▸ **EXERCISE PROMPT**
Skip the images and print the listing exactly.

▸ **DATA BLOCK**
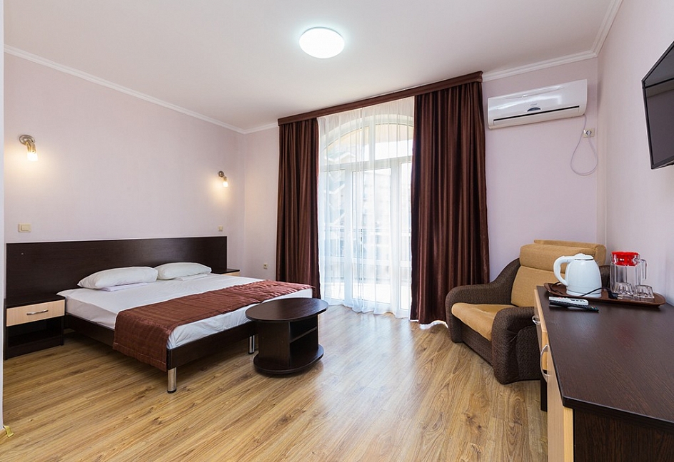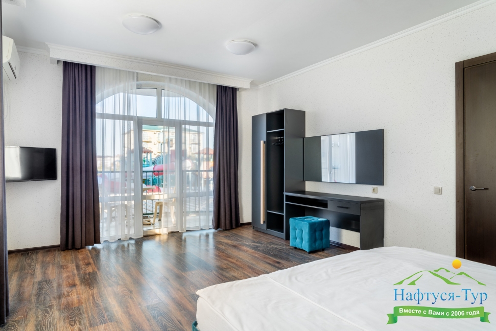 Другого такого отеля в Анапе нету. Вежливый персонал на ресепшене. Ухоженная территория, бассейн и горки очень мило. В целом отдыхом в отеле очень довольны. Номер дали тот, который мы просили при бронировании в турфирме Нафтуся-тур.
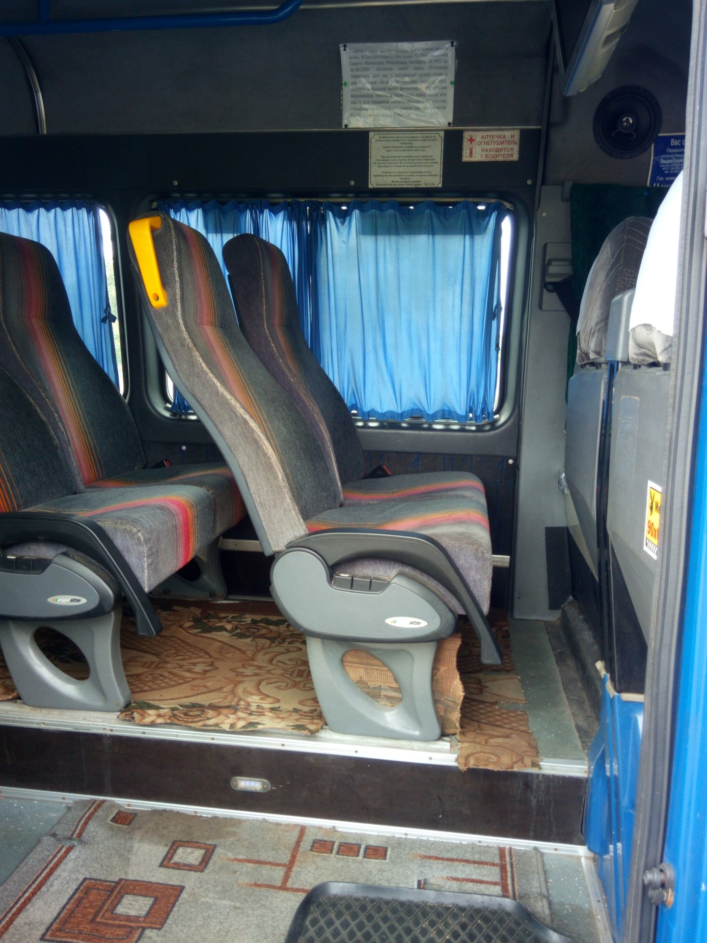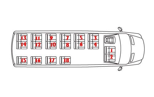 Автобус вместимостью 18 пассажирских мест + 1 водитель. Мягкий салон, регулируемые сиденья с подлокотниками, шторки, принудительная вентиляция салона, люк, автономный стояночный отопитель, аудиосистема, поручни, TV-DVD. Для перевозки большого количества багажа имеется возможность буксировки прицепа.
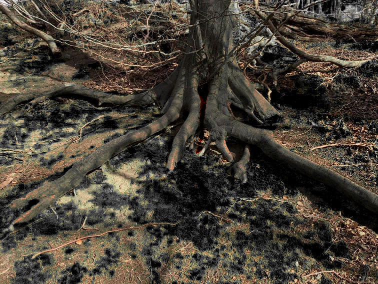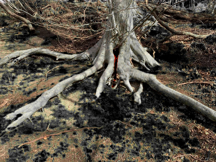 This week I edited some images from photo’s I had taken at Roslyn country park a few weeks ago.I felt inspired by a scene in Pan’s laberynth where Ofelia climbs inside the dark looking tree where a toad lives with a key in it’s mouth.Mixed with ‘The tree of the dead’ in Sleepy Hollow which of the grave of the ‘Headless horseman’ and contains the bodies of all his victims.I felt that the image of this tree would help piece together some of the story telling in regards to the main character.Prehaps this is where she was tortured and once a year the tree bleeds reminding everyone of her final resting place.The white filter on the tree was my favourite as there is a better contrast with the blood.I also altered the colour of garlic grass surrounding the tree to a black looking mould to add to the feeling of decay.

▸ **ANSWER BOX**
 Другого такого отеля в Анапе нету. Вежливый персонал на ресепшене. Ухоженная территория, бассейн и горки очень мило. В целом отдыхом в отеле очень довольны. Номер дали тот, который мы просили при бронировании в турфирме Нафтуся-тур.
 Автобус вместимостью 18 пассажирских мест + 1 водитель. Мягкий салон, регулируемые сиденья с подлокотниками, шторки, принудительная вентиляция салона, люк, автономный стояночный отопитель, аудиосистема, поручни, TV-DVD. Для перевозки большого количества багажа имеется возможность буксировки прицепа.
 This week I edited some images from photo’s I had taken at Roslyn country park a few weeks ago.I felt inspired by a scene in Pan’s laberynth where Ofelia climbs inside the dark looking tree where a toad lives with a key in it’s mouth.Mixed with ‘The tree of the dead’ in Sleepy Hollow which of the grave of the ‘Headless horseman’ and contains the bodies of all his victims.I felt that the image of this tree would help piece together some of the story telling in regards to the main character.Prehaps this is where she was tortured and once a year the tree bleeds reminding everyone of her final resting place.The white filter on the tree was my favourite as there is a better contrast with the blood.I also altered the colour of garlic grass surrounding the tree to a black looking mould to add to the feeling of decay.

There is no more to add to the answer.